Task details = In the data below, repeat the line containing "port adapter) x1" and every following line exactly, up to and including the last line. Exclude pictures.

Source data
━━━━━━━━━━━━━━━━━━━━

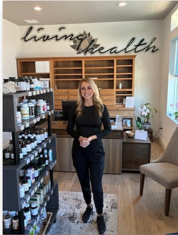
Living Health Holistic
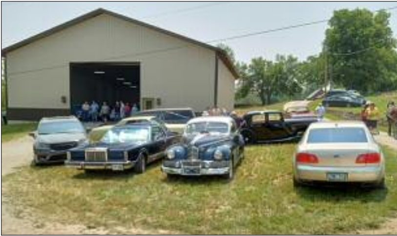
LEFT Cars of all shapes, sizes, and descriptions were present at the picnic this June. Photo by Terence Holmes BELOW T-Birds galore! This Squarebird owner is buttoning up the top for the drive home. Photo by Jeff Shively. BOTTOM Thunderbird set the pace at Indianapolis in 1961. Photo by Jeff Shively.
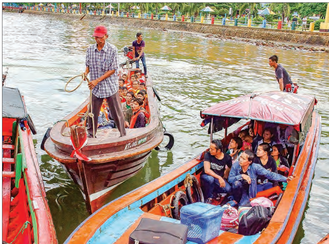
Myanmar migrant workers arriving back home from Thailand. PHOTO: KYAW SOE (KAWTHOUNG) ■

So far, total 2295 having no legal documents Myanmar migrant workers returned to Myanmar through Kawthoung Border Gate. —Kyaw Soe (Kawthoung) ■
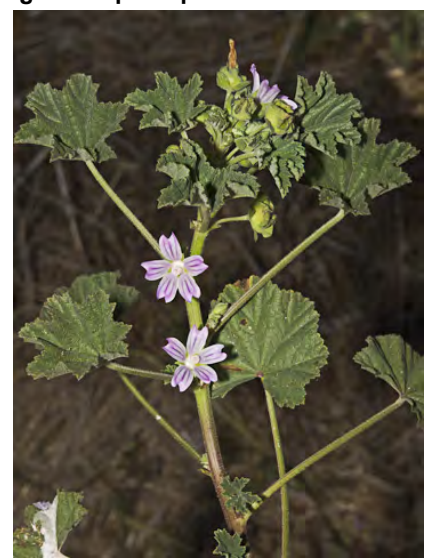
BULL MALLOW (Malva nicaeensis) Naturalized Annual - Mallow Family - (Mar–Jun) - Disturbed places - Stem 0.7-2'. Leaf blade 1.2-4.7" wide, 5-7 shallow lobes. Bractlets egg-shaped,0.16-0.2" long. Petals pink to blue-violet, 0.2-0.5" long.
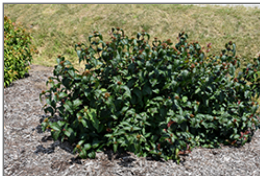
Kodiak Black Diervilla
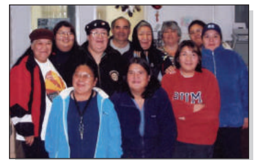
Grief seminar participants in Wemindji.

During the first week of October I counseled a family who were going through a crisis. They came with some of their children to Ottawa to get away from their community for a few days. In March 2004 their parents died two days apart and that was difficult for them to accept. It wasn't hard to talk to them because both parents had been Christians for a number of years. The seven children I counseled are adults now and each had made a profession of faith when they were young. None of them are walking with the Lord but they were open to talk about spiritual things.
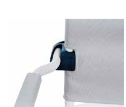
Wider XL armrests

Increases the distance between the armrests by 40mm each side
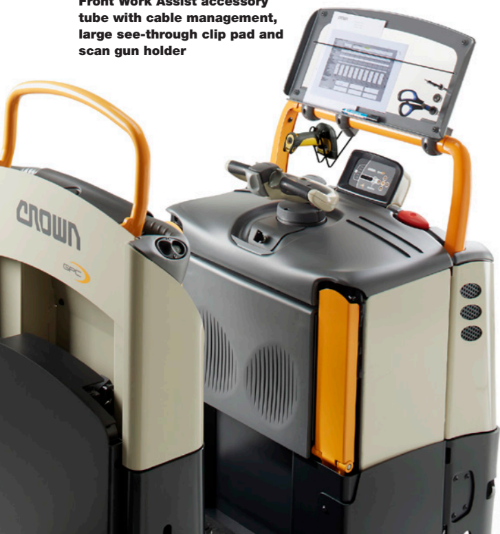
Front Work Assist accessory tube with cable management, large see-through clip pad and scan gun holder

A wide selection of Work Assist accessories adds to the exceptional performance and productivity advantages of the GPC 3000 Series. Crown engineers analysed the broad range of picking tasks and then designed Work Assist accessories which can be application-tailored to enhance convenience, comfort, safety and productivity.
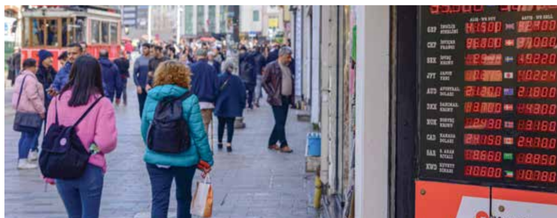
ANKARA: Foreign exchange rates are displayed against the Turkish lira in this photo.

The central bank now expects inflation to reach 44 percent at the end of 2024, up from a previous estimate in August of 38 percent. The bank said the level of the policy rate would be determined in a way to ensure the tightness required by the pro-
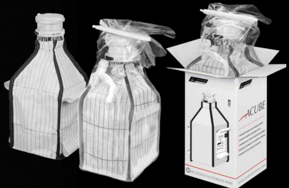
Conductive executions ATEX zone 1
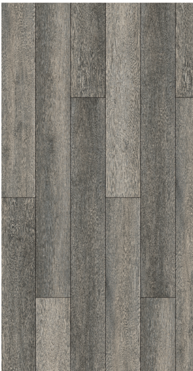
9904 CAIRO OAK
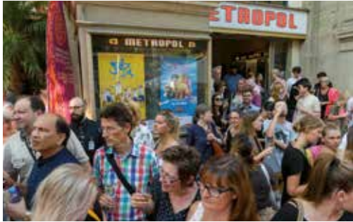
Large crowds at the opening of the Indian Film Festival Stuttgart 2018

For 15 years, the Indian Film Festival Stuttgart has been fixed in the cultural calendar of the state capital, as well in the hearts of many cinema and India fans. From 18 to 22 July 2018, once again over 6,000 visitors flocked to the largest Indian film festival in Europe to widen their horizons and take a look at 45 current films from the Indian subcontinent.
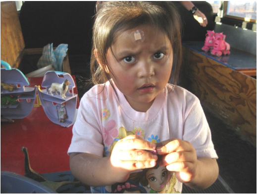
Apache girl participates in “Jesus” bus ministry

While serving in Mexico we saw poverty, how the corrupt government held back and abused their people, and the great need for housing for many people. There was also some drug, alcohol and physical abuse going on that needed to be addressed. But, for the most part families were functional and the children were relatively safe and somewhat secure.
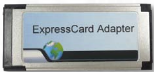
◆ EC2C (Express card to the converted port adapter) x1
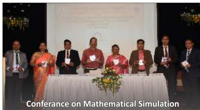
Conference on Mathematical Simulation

━━━━━━━━━━━━━━━━━━━━

Output for this exercise =
◆ EC2C (Express card to the converted port adapter) x1
Conference on Mathematical Simulation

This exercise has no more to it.